PDF is an acronym for "Portable Document Format". The format has been designed by Adobe for the exchange of documents on various platforms. Currently the format is used under Windows, MAC and various UNIX platforms.

This is essentially a final format - in contrast to SGML based formats which are aimed to be revisable. "Final" means: it is not primarily aimed at being edited - although this is possible. Final form documents are formatted for visualisation on a printer or a screen.

The most visible difference compared to other popular formats is the complete absence of information about the logical structure of a document: there is no information in PDF about chapters, paragraphs, tables, headers, footers, tables of content etc. - everything you define normally in the SGML world via a DTD. One of the popular tools to generate PDF documents is the PDF Writer supplied by Adobe. This tool acts as a pseudo printer driver. At this stage, however, all logical layout information is normally lost so that there is no chance to keep it in a PDF document. The other popular PDF generation tool - the Adobe distiller - starts from Postscript documents which are also strictly final documents. The most important structural concept is the page: PDF is, like its close parent Postscript, a page-oriented format.

PDF started in version 1.0 as a 7-bit encoded format. In later versions the size aspect became more important so that the 7-bit restriction was dropped. LZW compression for the text portions and JPEG or CCITT compressions without additional 7-bit encoding à la uuencode are now common in PDF documents. The other major additions to the set of PDF features were the enhancement of the link concept, the inclusion of audio and video. You can now define links within a document, links to other documents and links to external applications. The link concept appears in PDF as a generalized annotation concept.

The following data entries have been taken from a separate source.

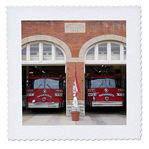 3dRose qs_93377_1 Fire Station with Trucks at Wapakeneta, Ohio-US36 DFR0056-David R. Frazier-Quilt Square, 10 by 10-Inch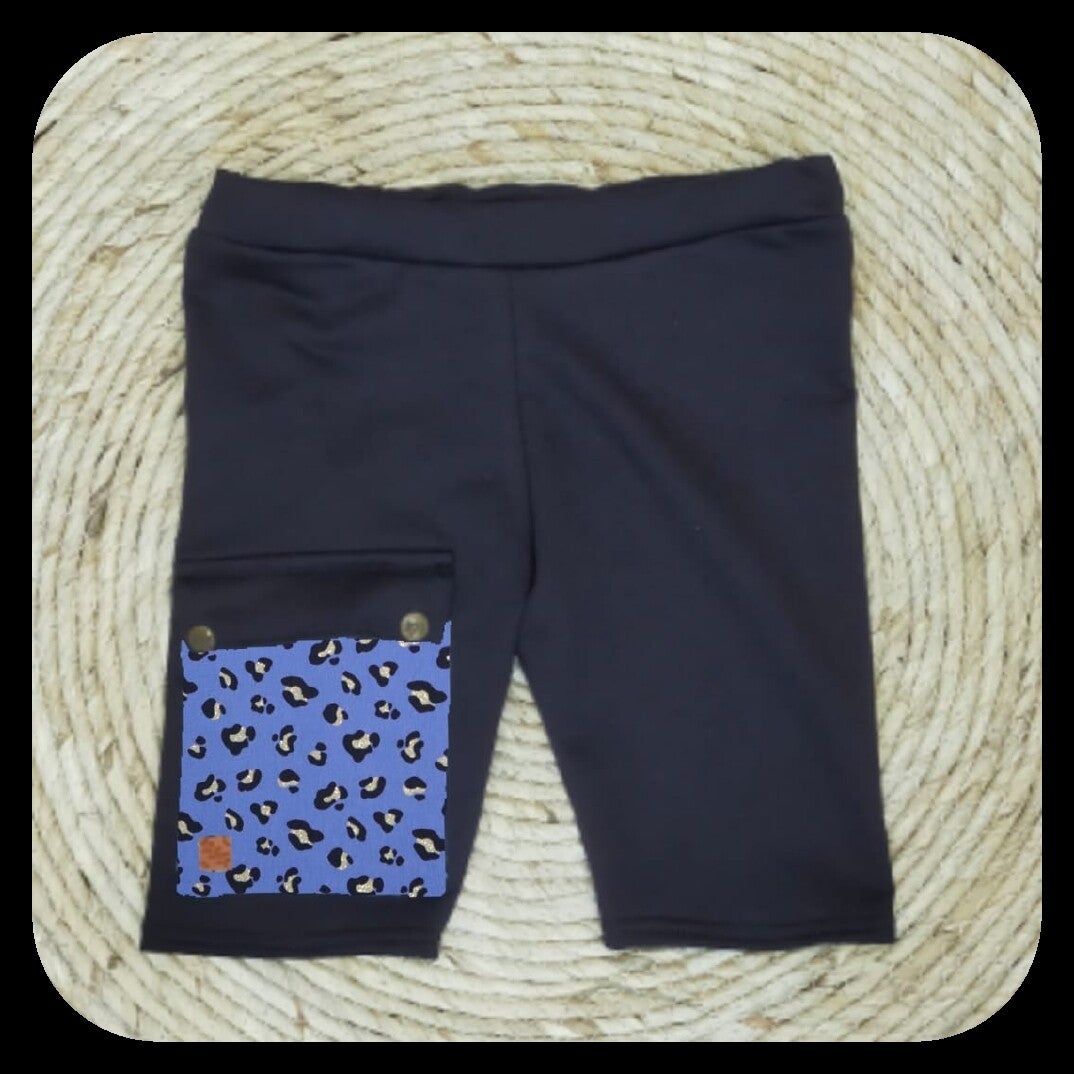 Korte broek zwart met zak panter blauw
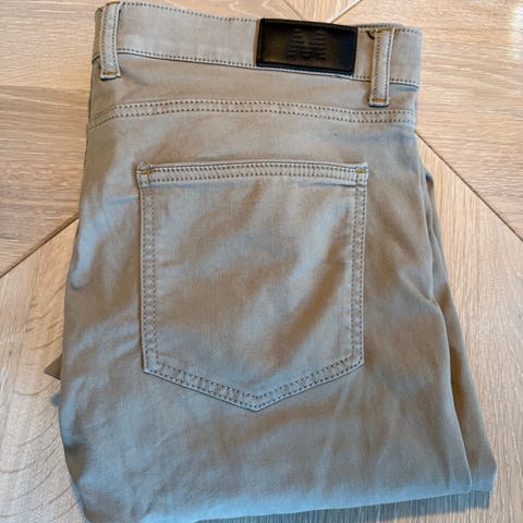 SAND Copenhagen bukser for herre i størrelse M (34-30). Buksen er brun og laget i bomull. Modellen har baklomme og beltehemper i linningen. Innsiden har rutet fôrdetalj og lapp som angir superstretch-kvalitet. Passer som hverdags- eller penbukse avhengig av styling.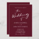 Alles in einem QR-Code UAWG Chic Moderne White Calligraphy Script Burgundy Hochzeit Einladung... Unsere trendige, minimalistisch-bordeauxfarbene und weiße Hochzeitseinladung bietet moderne Kalligraphie-Skripte kombiniert mit Serif- und Sans-Serif-Text für eine einfache und schicke Hochzeitseinladung. Auf der Rückseite der Einladung wird auch der QR-Code Ihrer Hochzeitswebsite sowie die URL der Website selbst angezeigt, die es Ihren Einladenden ermöglicht, einfach online zu UAWG und alle Details, die normalerweise in einem Hochzeitspaket gesendet werden, einzusehen. Das Beispiel QR-Code-Grafikvorlage und alle Beispieltexte (außer den grafischen Kalligrafieelementen) können mit eigenen Informationen über die Personalisierungsvorlage leicht überarbeitet werden.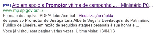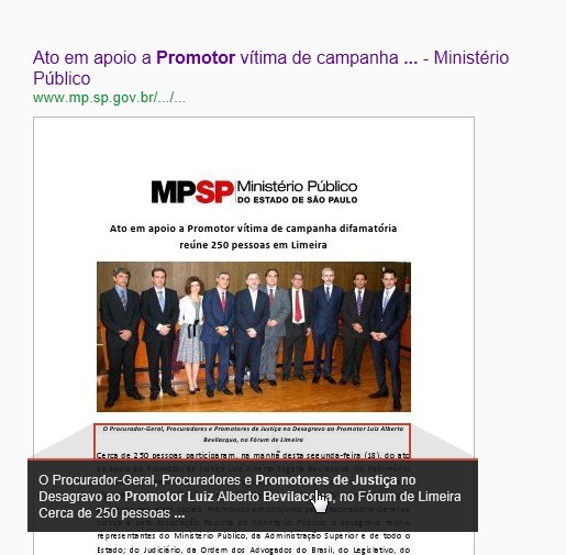 Ministério Público de São Paulo ruborizado com a negativa repercussão da perseguição endereçada ao advogado que faz críticas abertas a atuação de um Promotor de Justiça de Limeira retirou do site oficial – MANTIDO COM O NOSSO DINHEIRO – o conteúdo sobre o desagravo realizado naquela cidade de cunho eminentemente privado e corporativista 14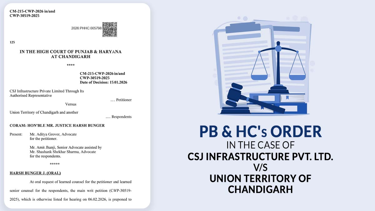 PB & HC's Order In the Case of CSJ Infrastructure Pvt. Ltd. vs. Union Territory of Chandigarh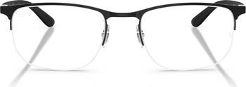 Subtle logos add a signature flourish to the temples of semi-rimless glasses shaped in an irregular silhouette and featuring adjustable nose pads for secure wear.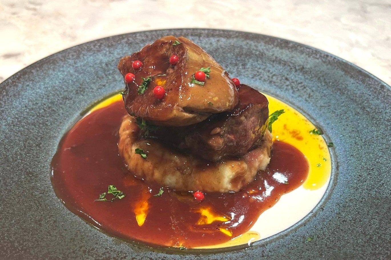 2大看板メニューは、こぼれ落ちるほどウニといくらを盛り付けた「うにとイクラの冷製パスタ」(2,728円)、フォアグラのソテーと黒毛和牛のステーキに赤ワインベースのトリュフソースで仕上げた「フォアグラとステーキ」(2,420円)。ショーケースに並ぶ「小皿料理」(常時8~10種類、198円~)やフレンチの技法を使った料理をワンハンドでカジュアルに楽しめる「串焼き」(8種類、1本308円~)など小ポーションのメニューも豊富にそろえ、おひとり様や2軒目使いとしてもご利用いただけます。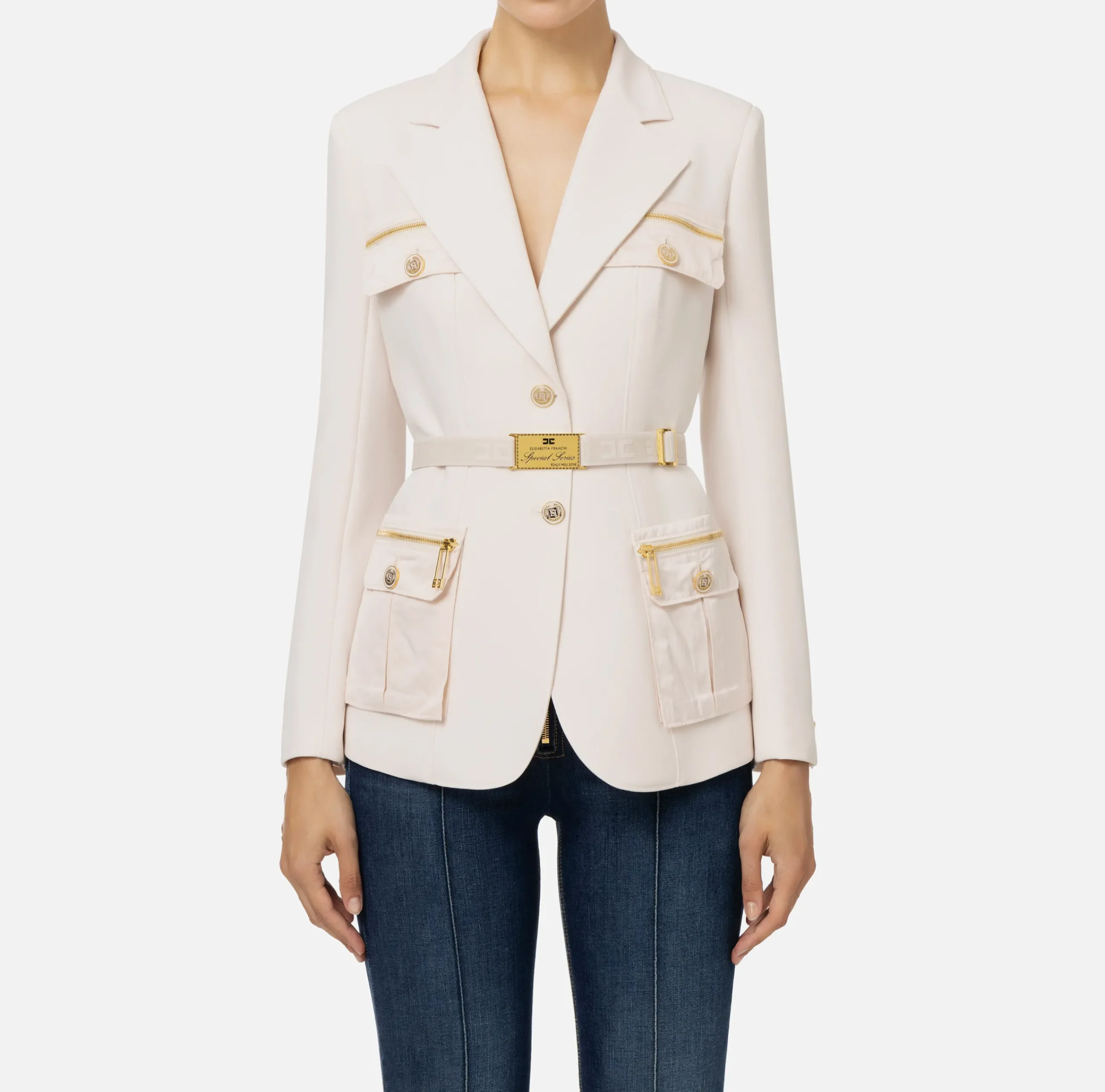 Giacca in crêpe stretch con chiusura monopetto e tasche a soffietto con zip in nylon tecnico. Il punto vita è enfatizzato da una cintura in elastico logato con fibbia in metallo dorato.

The PDF specification has been published by Adobe. There is no major risk that PDF documents can't be understood in the future as the internal structure of PDF is known. This is its major advantage over formats like DOC used by Microsoft WORD whose internals are not known.

The first Adobe PDF spec (version 1.0) was published as the normal book. The last PDF specification I have is the version 1.1. At the time of this writing a newer version 1.2 should be available. The specs can be found on the Adobe ftp home. They can also be downloaded from the Adobe web home.

The Structure of PDF Documents

PDF documents consist mainly of four parts:
  • a very short header
  • the document body
  • the cross reference
  • the trailer
The header identifies a document as a PDF document via a string "%PDF-1.1". This is like a magic number in UNIX files.

The document body is a is a collection of objects organized as a tree describing the (physical) page structure, the pages and the content elements (text, graphics etc.) on the pages. The PDF objects are the leaves of the PDF tree. Each object has three essential components: it has a number, it has a fixed position in the PDF file (an offset) and it has a content.

The cross reference allows a PDF parser (like the Acrobat reader) to quickly access the objects. It starts with the keyword xref followed by the number of objects. An entry in the cross reference is mainly an offset in the document file and a flag indicating whether this object is free (can be reused) or occupied. For advanced applications, multiple cross references can be kept in a PDF file, thus maintaining a chain of versions for a document. Note that the cross reference doesn't allow much syntactic freedom: it must be written and read like a fixed header in formats like PCX. This is the start of a typical cross reference:


xref

0 20

0000000000 65535 f 

0000000009 00000 n 

0000000116 00000 n

.......

The trailer is a quick entry into the most essential document parts: it contains a pointer to the start of the cross reference and the object numbers for the most essential objects: the root object (this is the start of the tree of pages) and the info object containing some important meta information. This is a sample trailer:


trailer

<<

/Size 20

/Root 19 0 R

/Info 18 0 R

>>

startxref

2354

%%EOF

Whereas the PDF document body must be parsed by a program (the token must be identified and interpreted) the header, cross reference and the trailer must be handled like data structures.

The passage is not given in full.